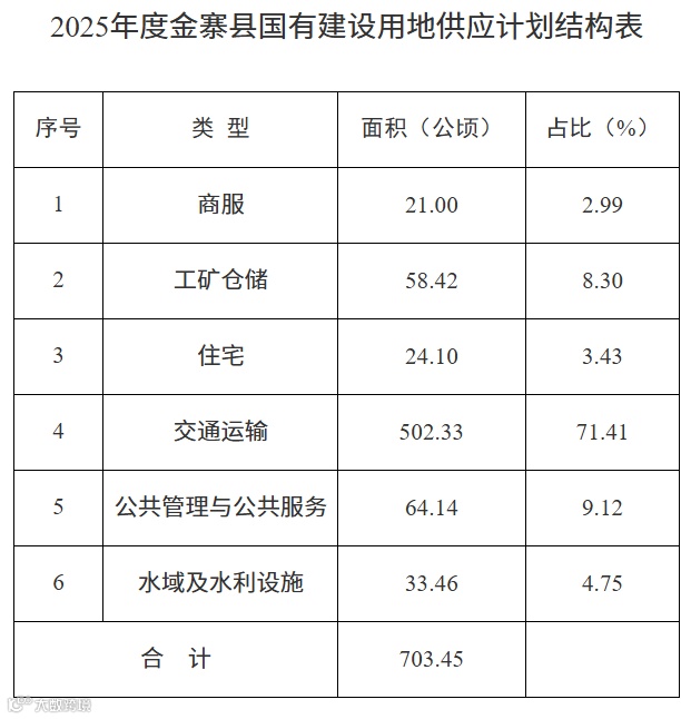2025年度全县国有建设用地供应计划703.45公顷,在各类用地的供应上有着精细的安排。
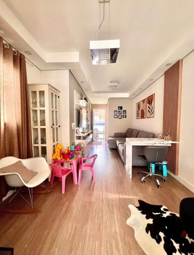 A residência conta com acabamento em gesso, piso laminado, porcelanato e rebaixo com iluminação, proporcionando um visual moderno, aconchegante e sofisticado em todos os espaços.
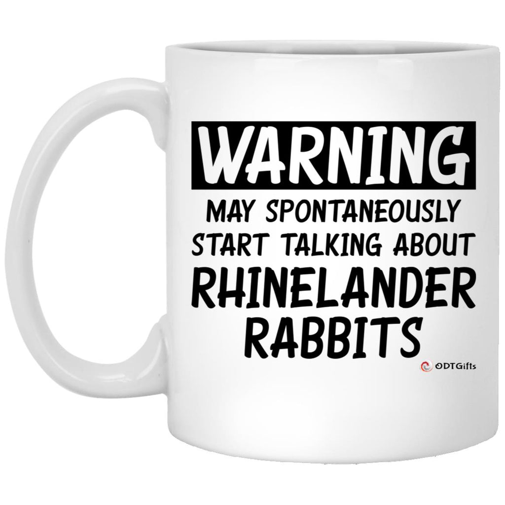 Funny Rhinelander Rabbit Mug Warning May Spontaneously Start Talking About Rhinelander Rabbits Coffee Cup 11oz White High quality white gloss 11oz ceramic mug Dishwasher safe & Microwave safe Top-to-bottom full wrap dye sublimation AAA ORCA Coating™...

◆ ◆ ◆ ◆ ◆

→ **ABOUT THIS TASK**
Please set down, word for word, the lines starting at the line that holds "A residência conta" and running to the end of the listing, with no pictures.

→ **EXERCISE RESPONSE**
 A residência conta com acabamento em gesso, piso laminado, porcelanato e rebaixo com iluminação, proporcionando um visual moderno, aconchegante e sofisticado em todos os espaços.
 Funny Rhinelander Rabbit Mug Warning May Spontaneously Start Talking About Rhinelander Rabbits Coffee Cup 11oz White High quality white gloss 11oz ceramic mug Dishwasher safe & Microwave safe Top-to-bottom full wrap dye sublimation AAA ORCA Coating™...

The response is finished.